Judges hold that Cooley Law School is not accountable for its representations about graduate employment
A dozen former Thomas M. Cooley Law School students sued the private, for-profit, institution, arguing that the school had defrauded them by representations about graduate employment and income. This week, the dismissal of the students' lawsuit was upheld by the Sixth Circuit. The appellate judges noted that the average student spent $38,000 dollars per year in tuition, plus another estimated average of $16,000.00 of living expenses, only to graduate into a job market where there are law positions for only half of the total law school graduates.
The judges pointed out that the Law School pays its Dean more than half-a-million dollars annually, making him one of the highest-paid law school deans in the country, while also paying a former dean nearly $400,000.00. Eleven other Law School employees earn between $200,000.00 and $250,000.00. In the meantime, Cooley has "the lowest admissions standards of any accredited or provisionally accredited law school in the country," accepting 83% of applicants. It also has the lowest LSAT scores and undergraduate grades of any school. It's retention rates are startlingly low, as well: almost 32% of students don't enroll for a second year; ten percent of second year students don't return for a third year, and in 2008 about 3 percent of third-year students don't finish. When they do finish, they are burdened with, on average, $105,798 inj student loan debt.

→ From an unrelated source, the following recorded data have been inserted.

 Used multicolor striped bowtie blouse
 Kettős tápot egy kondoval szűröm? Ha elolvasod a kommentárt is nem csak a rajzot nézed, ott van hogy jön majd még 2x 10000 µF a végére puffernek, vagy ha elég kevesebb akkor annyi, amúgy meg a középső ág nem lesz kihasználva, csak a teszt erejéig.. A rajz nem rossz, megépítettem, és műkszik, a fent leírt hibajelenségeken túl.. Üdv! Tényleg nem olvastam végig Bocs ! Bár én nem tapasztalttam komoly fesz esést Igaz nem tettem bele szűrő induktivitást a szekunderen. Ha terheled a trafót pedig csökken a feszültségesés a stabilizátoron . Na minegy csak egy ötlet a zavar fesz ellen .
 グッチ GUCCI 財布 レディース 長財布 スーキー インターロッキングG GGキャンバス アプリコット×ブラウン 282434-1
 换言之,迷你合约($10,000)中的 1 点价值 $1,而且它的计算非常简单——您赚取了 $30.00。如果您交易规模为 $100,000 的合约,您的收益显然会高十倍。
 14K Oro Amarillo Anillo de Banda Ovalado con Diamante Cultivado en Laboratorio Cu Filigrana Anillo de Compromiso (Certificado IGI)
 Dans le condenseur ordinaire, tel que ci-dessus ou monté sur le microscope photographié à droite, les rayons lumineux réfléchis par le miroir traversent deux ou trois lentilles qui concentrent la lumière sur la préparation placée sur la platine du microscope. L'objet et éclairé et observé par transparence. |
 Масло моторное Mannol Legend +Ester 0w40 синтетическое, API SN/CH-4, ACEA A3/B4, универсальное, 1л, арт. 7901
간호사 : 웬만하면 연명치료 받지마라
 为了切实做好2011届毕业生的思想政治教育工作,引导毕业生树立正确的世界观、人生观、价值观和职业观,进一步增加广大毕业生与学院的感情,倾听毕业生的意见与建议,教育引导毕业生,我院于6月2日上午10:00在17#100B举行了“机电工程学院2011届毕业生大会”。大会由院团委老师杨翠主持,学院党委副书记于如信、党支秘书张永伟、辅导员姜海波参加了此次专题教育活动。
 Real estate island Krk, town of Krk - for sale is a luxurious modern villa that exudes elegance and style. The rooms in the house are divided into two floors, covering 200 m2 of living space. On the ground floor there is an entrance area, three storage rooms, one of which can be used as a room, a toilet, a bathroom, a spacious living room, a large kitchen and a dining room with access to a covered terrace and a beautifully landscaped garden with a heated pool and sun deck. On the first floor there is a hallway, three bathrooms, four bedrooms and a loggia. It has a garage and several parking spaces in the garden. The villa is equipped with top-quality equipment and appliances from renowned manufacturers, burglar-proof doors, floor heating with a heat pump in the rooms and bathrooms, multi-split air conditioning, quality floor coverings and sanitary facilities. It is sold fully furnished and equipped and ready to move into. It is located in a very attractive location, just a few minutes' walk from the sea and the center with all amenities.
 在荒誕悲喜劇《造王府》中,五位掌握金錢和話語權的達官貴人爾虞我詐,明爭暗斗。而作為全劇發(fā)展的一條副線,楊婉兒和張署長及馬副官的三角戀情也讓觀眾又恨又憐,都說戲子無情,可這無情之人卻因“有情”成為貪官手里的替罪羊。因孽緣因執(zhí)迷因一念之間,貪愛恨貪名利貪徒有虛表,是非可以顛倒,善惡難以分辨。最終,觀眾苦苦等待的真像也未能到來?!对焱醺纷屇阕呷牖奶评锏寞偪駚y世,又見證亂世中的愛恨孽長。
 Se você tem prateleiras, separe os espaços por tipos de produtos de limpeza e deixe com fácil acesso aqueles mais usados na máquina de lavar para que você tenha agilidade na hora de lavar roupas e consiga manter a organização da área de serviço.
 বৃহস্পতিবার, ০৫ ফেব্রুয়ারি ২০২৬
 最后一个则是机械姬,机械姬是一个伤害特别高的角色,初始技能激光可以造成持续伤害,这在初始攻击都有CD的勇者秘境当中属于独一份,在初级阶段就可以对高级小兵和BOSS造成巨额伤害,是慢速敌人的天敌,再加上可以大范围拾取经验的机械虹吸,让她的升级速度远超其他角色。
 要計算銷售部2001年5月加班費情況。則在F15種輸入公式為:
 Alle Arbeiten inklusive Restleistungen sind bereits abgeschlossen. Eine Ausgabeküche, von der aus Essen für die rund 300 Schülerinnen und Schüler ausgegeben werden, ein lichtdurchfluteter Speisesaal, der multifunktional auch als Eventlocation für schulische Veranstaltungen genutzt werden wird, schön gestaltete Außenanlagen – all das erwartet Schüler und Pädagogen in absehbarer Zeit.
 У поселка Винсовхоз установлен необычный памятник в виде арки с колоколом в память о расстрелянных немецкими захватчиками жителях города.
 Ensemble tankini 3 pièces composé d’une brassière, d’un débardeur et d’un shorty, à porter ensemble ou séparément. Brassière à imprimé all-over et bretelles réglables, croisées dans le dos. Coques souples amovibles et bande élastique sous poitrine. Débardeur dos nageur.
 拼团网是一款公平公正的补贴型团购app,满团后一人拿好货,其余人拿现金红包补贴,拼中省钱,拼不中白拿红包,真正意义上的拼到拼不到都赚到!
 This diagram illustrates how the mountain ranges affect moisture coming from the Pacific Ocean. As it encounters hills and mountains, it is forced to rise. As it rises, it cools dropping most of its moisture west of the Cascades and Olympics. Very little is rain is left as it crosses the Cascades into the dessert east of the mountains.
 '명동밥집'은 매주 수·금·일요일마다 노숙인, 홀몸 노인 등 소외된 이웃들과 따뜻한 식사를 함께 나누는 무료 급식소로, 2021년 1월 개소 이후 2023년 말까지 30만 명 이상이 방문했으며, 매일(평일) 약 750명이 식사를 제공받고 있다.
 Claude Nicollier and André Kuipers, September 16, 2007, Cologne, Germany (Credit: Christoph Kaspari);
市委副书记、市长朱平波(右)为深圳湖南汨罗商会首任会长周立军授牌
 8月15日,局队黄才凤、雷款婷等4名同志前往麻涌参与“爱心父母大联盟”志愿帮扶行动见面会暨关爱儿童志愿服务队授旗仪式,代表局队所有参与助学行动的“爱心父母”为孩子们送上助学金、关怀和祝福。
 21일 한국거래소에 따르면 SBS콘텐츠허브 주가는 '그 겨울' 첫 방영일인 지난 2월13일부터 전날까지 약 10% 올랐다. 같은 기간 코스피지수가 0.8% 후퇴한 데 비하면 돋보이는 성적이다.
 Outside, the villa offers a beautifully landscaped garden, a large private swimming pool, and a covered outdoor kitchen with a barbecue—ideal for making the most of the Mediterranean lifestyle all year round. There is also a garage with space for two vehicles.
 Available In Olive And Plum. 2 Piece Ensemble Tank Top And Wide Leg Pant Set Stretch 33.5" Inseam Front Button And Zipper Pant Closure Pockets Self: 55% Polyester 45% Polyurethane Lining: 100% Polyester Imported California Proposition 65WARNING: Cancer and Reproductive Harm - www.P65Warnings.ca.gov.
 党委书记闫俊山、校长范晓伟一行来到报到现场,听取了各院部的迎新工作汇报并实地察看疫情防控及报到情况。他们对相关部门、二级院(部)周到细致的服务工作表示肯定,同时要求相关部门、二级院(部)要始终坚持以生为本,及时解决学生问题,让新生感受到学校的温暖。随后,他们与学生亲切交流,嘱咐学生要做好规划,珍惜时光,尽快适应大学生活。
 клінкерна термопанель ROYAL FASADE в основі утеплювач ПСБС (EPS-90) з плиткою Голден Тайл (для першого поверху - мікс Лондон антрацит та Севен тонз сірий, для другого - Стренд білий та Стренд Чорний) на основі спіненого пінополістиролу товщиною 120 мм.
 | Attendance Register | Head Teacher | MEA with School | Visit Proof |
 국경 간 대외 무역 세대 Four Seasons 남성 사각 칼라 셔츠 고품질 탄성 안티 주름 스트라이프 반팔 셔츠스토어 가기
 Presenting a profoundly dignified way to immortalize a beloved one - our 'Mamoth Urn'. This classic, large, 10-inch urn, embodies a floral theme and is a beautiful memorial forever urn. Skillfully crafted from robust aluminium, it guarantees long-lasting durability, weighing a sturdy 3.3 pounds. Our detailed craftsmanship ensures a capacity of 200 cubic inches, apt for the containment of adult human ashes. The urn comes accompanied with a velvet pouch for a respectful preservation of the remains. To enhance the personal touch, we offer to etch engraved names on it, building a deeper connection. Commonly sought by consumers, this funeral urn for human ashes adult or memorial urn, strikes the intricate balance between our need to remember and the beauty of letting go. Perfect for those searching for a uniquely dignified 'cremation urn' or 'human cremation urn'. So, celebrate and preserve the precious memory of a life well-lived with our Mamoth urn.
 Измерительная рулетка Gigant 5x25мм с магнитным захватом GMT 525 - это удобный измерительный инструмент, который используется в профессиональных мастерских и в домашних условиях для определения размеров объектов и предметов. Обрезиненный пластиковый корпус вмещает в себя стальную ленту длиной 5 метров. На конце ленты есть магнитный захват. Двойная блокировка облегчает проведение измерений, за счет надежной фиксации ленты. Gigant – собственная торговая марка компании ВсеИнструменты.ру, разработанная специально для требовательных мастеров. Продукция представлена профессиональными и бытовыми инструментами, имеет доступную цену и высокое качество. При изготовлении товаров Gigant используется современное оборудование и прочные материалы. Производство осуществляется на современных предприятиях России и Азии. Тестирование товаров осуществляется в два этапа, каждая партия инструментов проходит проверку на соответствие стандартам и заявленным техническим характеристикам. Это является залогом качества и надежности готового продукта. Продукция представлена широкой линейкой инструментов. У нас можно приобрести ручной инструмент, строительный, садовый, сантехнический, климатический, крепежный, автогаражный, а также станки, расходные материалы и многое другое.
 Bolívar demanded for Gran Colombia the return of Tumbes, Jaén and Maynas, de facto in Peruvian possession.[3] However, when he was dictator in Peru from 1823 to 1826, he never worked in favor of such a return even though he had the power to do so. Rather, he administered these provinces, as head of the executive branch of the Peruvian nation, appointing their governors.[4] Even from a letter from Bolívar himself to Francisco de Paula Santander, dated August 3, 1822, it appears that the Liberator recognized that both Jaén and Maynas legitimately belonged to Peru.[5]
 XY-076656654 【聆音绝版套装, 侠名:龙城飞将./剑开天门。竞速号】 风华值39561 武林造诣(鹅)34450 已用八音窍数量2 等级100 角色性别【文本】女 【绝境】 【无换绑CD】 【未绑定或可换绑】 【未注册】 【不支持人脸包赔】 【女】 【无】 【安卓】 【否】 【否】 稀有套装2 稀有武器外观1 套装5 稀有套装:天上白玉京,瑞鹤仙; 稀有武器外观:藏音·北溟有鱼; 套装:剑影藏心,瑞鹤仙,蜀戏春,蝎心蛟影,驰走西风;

The students alleged that they were misled into this debacle by the "Thomas M. Cooley Law School Employment Report and Salary Survey" which suggests that about 76% of students are employed within nine months of graduation (the 2010 figure) and that the "average starting salary of all graduates" was $54,796.00." The suing students argued that these statistics were false representations of reality and that they so mis-represented the truth that the Law School should be held accountable.
The judges cited a variety of reasons for rejecting the students' claims. First they pointed to the employment figures and noted that Cooley didn't actually claim that these graduates were actually employed in law or related fields--even though the numbers were divided by categories that implied as much (i.e., "private practice, government, public interest, judicial clerkship, academic, business," etc.). Since the statements were not expressly limited to law-related jobs, they were not lies.
With regard to the salary, the Court held that it was apparent on the face of Cooley's representations that the statements could not reasonably be relied upon. The Court ignored the "and" in the title of the document, holding that it should have been apparent that the salary figures were a product of a survey and therefore not the "average of all graduates" that the document falsely claimed. ("Despite the statement's untruth...")
Lastly, the Court held that Cooley's practices, however deceptive, were not subject to the MIchigan Consumer Protection Act because the entering students were looking to better themselves in a career--and therefore Cooley was not selling a consumer product.
Finally, Cooley wasn't guilty of silent fraud because it was under no duty to disclose or publish accurate figures. Since none of the students could prove that they had asked Cooley for true figures, they couldn't hold Cooley responsible for providing the misleading information it did provide.
The School and this decision should be a source of pride to our state and to the Law School's graduates. They are certainly a comment on the state of our law. I wonder if Cooley sponsors an ethics class and who teaches it?